Recipe: Mama Sophia’s Korean-style Oxtail Soup (Kogi-gohm-tahng)

Whenever I go grocery shopping, I often let supply—and whatever catches my eye—dictate what’s for dinner. Every now and then I see fresh, yummy-looking oxtails. That’s when I make Korean-style oxtail soup.

Oxtail by nature is very fatty, but the bone and meat produce a very flavorful broth. One needs to cook it for a long time in order to get the meat to fall off the bone, as well as to extract the most flavors out of the bone and into the soup. It’s rich, smooth, and comforting, especially on a cold winter’s day.

I’ve actually prepared this once with a pressure cooker and it shortened the cooking time considerably—less than an hour to get the meat to fall off the bone. However, in the traditional stovetop method, expect to simmer the soup for 2 hours at least.

Probably the hardest part of this recipe is waiting, but I guarantee it’s worth it.

Mama Sophia’s Korean-style Oxtail Soup (kogi-gohm-tahng) Recipe
Oxtail bones
Soup bones (Optional: for a richer, creamier tasting soup)
Chinese or Korean Radish (coincidentally called “moo” in Korean)
White or yellow onion (1-2 medium sized)
Green Onions (bunch for soup; set some aside for garnish)
Garlic (1 bulb or a handful of cloves, depending on preference)
Salt and Pepper

1) Soak oxtails in pot of cold water for 10 minutes. Change water and soak for another 10 minutes. Goal is to get rid of excess blood to ensure a cleaner product.

2) After soaking, set pot of water with oxtails (and soup bones) to boil. Fill up pot so that it’s about 2 to 3 inches above the oxtails. Slice onions and add into pot. Skim off any residue and excess fat that floats to the top. Let boil for 10 minutes, then turn down heat to medium and simmer for about an hour or so. Keep an eye on water levels to make sure it doesn’t get too low. If it does, add more water.

3) Peel and cut the radish into big chunks and add to soup. Add minced garlic and green onion cut in big pieces diagonally (about 1.5 to 2 inch pieces).

4) After about 1.5 to 2 hours, the meat should be fork-tender and nearly falling off bone. Soup is considered ready to serve at this point.

5) Presentation: Typically, it’s just the oxtail joints served whole with the broth and finely chopped green onion, and salt and pepper on the side. Don’t forget the bowl of steamed rice.
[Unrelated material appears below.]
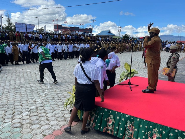 Deiyai, 26 November 2025 – Pemerintah Kabupaten Deiyai menggelar upacara bendera memperingati Hari Ulang Tahun (HUT) ke-17 Kabupaten Deiyai yang berlangsung khidmat di Halaman Kantor Bupati, Waghete, Rabu (26/11).

You might choose to chop the radish into smaller pieces before serving in the soup or discard altogether. The radish has immense flavor from being cooked in the broth.

As for the oxtail, you might choose to separate the meat and serve without the bone/cartilage—although some might argue that eating off the bone is the best part. You can discard the onion and garlic that were already cooked in the soup.

Notes:
1) It is traditional to under-season or not season the soup before serving and to let the person decide on how s/he might like the soup. The panchan (side dishes) that are served with the soup will add salt and/or spiciness as well. I like eating ggak-doo-ghee (radish kimchee) with my oxtail soup.

2) Sometimes I like use the oxtail broth for dduk gook (rice dumpling stew). The oxtail soup broth makes it a richer, almost creamier experience than traditional dduk gook made with beef shank.

3) The broth is also good for cooking frozen, premade Russian dumplings (pelmeni). Total decadence.